The problem of this type of redundant information storage is addressed by a third prior art method of database system storing information which will be referred to as hierarchical databases, or tree-structure databases. A hierarchical database consists of a series of sets and subsets which store information. For storing geographical information in such a database, a country comprises a set of states. Each state includes a set of counties, and each county includes a set of cities.
The above example consist of four levels, or classes: country, states, counties, and cities. The example further comprises three relationships, or links: country to state, state to county, and county to city. The hierarchical database makes use of the observation that there is a natural progression from one level to the next level in the above relationships. The data relationships can be structured as a "tree" with the top, e.g., country in the above example, at the root node and the bottom level, e.g. city, at the "leaf" node level.
Due to the hierarchical or set-subset nature of the data in such a database, less space is required to store the information in a database. In progressing from the root node to the leaves, each successive level "inherits" the information of all levels above it. Hence, there is no need to repeat this information. The information is contained in the information which links the node in question to the node above it in the tree. The node from which a given node inherits is often referred to as its "parent".

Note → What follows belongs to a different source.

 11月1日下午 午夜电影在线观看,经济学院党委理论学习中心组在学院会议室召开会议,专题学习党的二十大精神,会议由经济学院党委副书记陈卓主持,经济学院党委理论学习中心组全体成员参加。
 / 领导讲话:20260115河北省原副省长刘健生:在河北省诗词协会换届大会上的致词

In addition to providing more efficient storage for hierarchically ordered data, queries based on this database often may be answered without searching through all of the leaf nodes or keeping separate search tables. For example, all the cities contained within a state may be easily found by tracing from the entry in the state set for the state in question, through the county sets linked to that state, and then collecting all the cities linked to the counties found.

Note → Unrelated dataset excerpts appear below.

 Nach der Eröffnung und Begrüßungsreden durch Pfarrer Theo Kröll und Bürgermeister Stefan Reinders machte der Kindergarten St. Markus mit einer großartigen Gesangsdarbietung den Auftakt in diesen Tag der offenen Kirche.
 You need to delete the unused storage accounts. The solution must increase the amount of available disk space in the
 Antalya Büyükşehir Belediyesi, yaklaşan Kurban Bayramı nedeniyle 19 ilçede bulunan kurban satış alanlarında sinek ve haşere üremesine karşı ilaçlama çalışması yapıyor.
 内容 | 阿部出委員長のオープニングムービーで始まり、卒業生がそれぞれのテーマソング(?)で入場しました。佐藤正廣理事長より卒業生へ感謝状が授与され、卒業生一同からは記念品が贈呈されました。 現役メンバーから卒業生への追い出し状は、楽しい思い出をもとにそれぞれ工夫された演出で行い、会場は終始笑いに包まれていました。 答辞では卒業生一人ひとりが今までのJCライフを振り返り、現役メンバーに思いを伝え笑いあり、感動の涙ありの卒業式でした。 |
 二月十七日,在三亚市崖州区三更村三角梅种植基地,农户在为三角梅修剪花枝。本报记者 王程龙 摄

The advantages of the hierarchical database, however, are realized only when the information within the records of the database lends itself to a natural hierarchical ordering. Although some of the information in a typical database is hierarchical in nature, it is rarely found that all of the information may be organized into a single tree structure. If multiple trees are needed to represent the data, then complex queries must be processed in a manner analogous to that described above and the multiple result lists be combined. The combining of the results requires approximately the same computational workload as that obtained in search table ordered databases.